*** Opening of Dataset excerpt ***

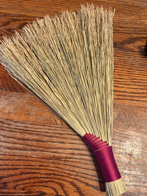 A handcrafted, durable broom made by Teacher Maia using traditional techniques and natural materials.
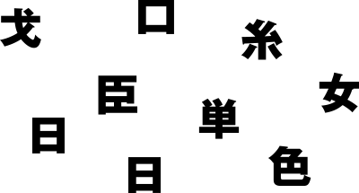 それぞれが漢字の一部になっている。組み合わせると「戦姫絶唱」となる。
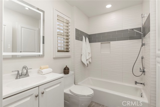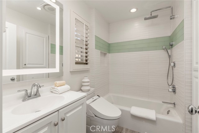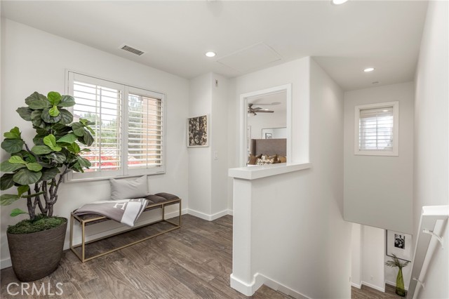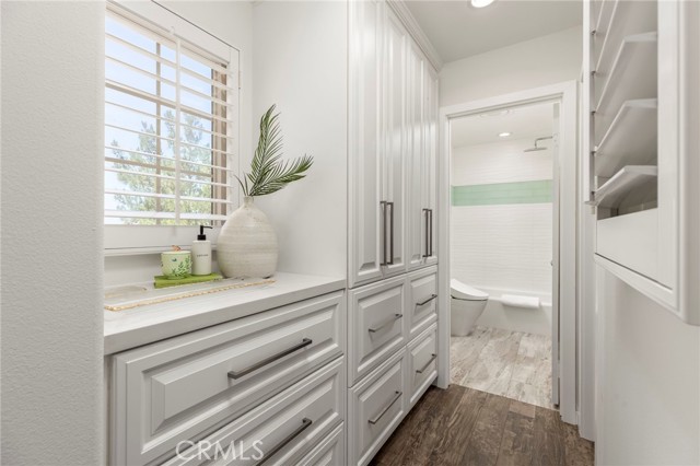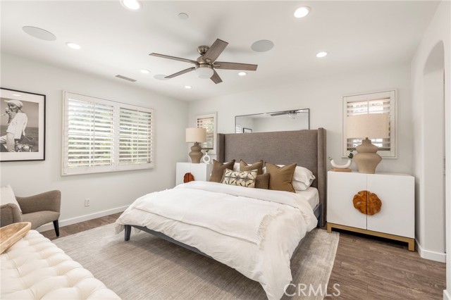 Retreat upstairs to the sunlit primary suite, a private oasis with multiple windows, plantation shutters, and a spacious walk-in closet. A separate dressing area with custom built-ins adds a touch of luxury, while recessed lighting and built-in speakers complete the tranquil ambiance.
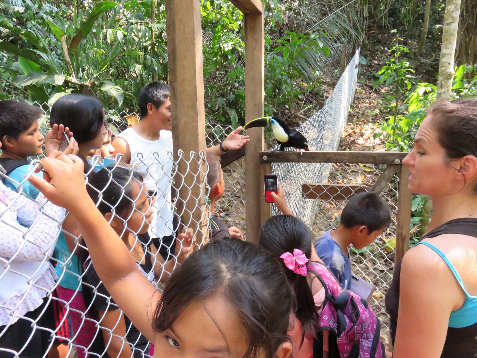 Yanay (female spider monkey) is living with all the other monkeys now freely in the Esperanza Verde range. She is fully independent, but still loves to be around humans as well. Sometimes when you sit outside the kitchen she just sits at your side giving you company. The no touching policy is still active though and it helps them all to eventually spend more time in the trees, which of course is more healthy in many ways.

*** Close of Dataset excerpt ***

Quote the material exactly. Pictures stay out.

● **Problem solution**
 A handcrafted, durable broom made by Teacher Maia using traditional techniques and natural materials.
 それぞれが漢字の一部になっている。組み合わせると「戦姫絶唱」となる。
 Retreat upstairs to the sunlit primary suite, a private oasis with multiple windows, plantation shutters, and a spacious walk-in closet. A separate dressing area with custom built-ins adds a touch of luxury, while recessed lighting and built-in speakers complete the tranquil ambiance.
 Yanay (female spider monkey) is living with all the other monkeys now freely in the Esperanza Verde range. She is fully independent, but still loves to be around humans as well. Sometimes when you sit outside the kitchen she just sits at your side giving you company. The no touching policy is still active though and it helps them all to eventually spend more time in the trees, which of course is more healthy in many ways.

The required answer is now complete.